Ребенок, который был вещью. Изувеченное детство - Дэйв Пельцер
Шрифт:
Интервал:
Закладка:
Я мчусь в учительскую; тяжело дышу — горло до сих пор болит после вчерашней «игры», придуманной мамой. Секретарь отводит меня в комнату, где отдыхают учителя. Она открывает дверь, и мне требуется несколько секунд, чтобы понять, кто меня ждет. За столом сидят мистер Зиглер, мой классный руководитель, мисс Мосс, учительница математики, школьная медсестра, мистер Хансен и полицейский. Я холодею от страха. Не знаю, что делать: бежать прочь или стоять тут и надеяться, что на меня обрушится крыша. Секретарь закрывает за мной дверь, а мистер Хансен делает знак, чтобы я проходил и садился. Я занимаю место во главе стола и сразу начинаю объяснять, что я ничего не крал… сегодня. Все почему-то улыбаются, хотя только что хмурились. Я еще не знаю, что они решили рискнуть своей работой ради моего спасения.
Полицейский объясняет, почему мистер Хансен вызвал его. Я съеживаюсь в кресле.

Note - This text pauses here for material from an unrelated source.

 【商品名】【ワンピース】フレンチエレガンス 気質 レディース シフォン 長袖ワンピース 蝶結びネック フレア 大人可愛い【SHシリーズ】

Полицейский просит меня рассказать о маме. Я мотаю головой. Я и так слишком много болтал, моя мать непременно узнает об этом. Кто-то пытается меня успокоить. Кажется, это мисс Мосс. Она говорит, что все будет хорошо. Я тяжело вздыхаю, скрещиваю руки на груди и неохотно рассказываю о том, что со мной делает мама. Потом медсестра просит меня встать, чтобы полицейский мог рассмотреть шрам у меня на животе. Я пытаюсь убедить их, что это был несчастный случай (ведь мама на самом деле не собиралась бить меня ножом). Плачу и говорю, что мама наказывала меня только потому, что я плохой. Пусть они оставят меня в покое. Внутри ворочается холодный склизкий ком. Я знаю, что после стольких лет никто ничего не может сделать.

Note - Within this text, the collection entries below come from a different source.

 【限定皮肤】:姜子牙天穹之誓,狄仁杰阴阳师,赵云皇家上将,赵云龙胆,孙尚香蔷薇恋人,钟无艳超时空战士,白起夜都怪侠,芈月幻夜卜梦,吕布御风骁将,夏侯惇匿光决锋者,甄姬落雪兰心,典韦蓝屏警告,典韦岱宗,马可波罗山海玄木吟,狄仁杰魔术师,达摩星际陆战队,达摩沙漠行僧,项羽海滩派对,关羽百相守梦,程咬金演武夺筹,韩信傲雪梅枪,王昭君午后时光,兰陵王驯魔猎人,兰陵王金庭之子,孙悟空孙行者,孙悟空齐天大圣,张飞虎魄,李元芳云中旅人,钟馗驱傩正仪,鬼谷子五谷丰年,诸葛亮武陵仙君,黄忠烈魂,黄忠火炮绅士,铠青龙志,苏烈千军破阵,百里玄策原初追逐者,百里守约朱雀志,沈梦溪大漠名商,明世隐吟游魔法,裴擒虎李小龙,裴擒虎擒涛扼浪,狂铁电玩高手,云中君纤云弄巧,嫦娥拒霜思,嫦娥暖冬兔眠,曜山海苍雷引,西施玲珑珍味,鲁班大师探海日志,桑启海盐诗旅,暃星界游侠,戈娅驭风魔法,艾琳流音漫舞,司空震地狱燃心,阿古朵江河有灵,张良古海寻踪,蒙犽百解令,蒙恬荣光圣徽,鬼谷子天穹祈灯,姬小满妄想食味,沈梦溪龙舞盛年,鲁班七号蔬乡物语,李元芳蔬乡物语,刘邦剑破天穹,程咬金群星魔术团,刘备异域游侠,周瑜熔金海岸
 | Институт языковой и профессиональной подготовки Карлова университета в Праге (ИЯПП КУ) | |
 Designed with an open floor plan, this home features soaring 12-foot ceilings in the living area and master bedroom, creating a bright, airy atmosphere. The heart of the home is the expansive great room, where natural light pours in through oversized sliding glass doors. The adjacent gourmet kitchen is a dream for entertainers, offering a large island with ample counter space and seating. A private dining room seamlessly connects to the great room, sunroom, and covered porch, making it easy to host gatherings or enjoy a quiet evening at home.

Через несколько минут меня просят выйти и подождать у секретаря. Пока я иду к двери, взрослые смотрят на меня и качают головой, словно с чем-то соглашаются. Я беспокойно верчусь в кресле, пока секретарь что-то печатает. Кажется, проходит целая вечность, прежде чем мистер Хансен зовет меня назад в кабинет. Мисс Вудс и мистер Зиглер выходят мне навстречу. Они выглядят счастливыми и одновременно встревоженными. Мисс Вудс садится на колени и обнимает меня. Не думаю, что когда-либо забуду запах ее волос. Она отпускает меня и отворачивается, чтобы я не видел, как она плачет. Вот теперь мне действительно страшно. Мистер Хансен протягивает мне поднос с завтраком из школьной столовой. «Господи, неужели уже столько времени?» — молча удивляюсь я.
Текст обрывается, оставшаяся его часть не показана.